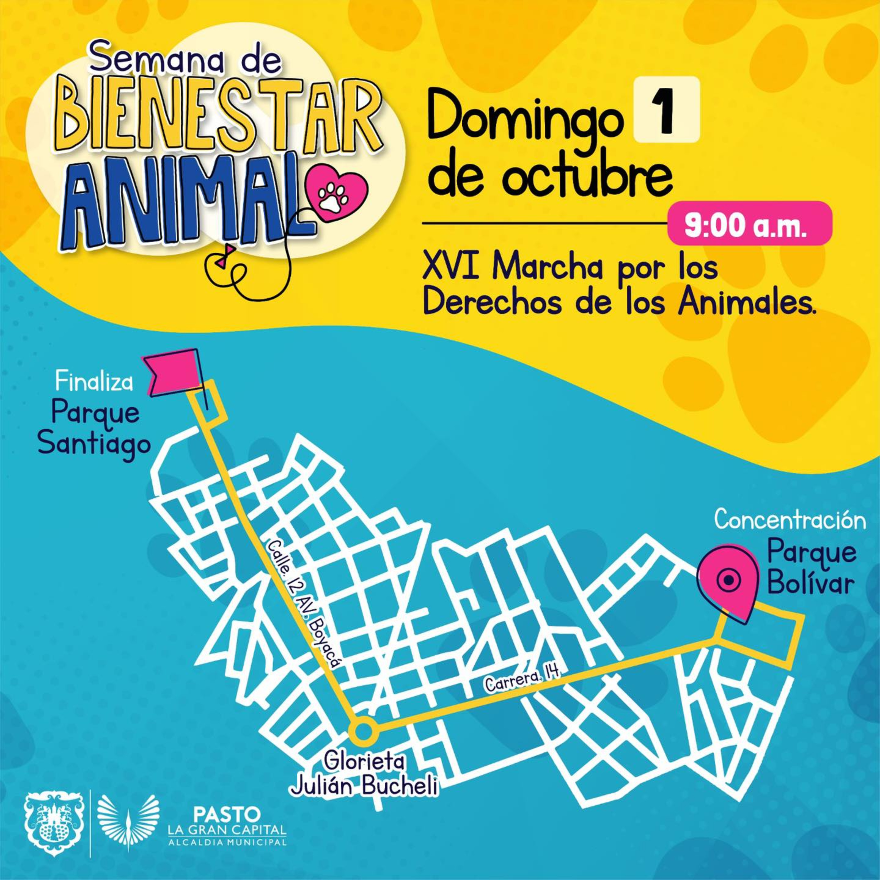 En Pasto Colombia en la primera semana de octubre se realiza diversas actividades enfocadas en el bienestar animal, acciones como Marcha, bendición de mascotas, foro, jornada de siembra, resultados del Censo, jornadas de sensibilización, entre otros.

******

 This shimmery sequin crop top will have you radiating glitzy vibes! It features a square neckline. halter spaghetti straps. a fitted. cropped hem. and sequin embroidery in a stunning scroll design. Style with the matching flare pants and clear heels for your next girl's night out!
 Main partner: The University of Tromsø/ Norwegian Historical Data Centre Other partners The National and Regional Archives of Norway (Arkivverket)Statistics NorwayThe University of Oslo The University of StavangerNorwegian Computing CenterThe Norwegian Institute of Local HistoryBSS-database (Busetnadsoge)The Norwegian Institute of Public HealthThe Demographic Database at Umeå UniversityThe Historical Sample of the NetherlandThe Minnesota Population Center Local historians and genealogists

******

• WHAT IS EXPECTED:
Set down, exactly as they stand above, the lines starting with the line with "This shimmery sequin" and going on through the line with "Main partner: The", and no others.

• WRITTEN REPLY:
 This shimmery sequin crop top will have you radiating glitzy vibes! It features a square neckline. halter spaghetti straps. a fitted. cropped hem. and sequin embroidery in a stunning scroll design. Style with the matching flare pants and clear heels for your next girl's night out!
 Main partner: The University of Tromsø/ Norwegian Historical Data Centre Other partners The National and Regional Archives of Norway (Arkivverket)Statistics NorwayThe University of Oslo The University of StavangerNorwegian Computing CenterThe Norwegian Institute of Local HistoryBSS-database (Busetnadsoge)The Norwegian Institute of Public HealthThe Demographic Database at Umeå UniversityThe Historical Sample of the NetherlandThe Minnesota Population Center Local historians and genealogists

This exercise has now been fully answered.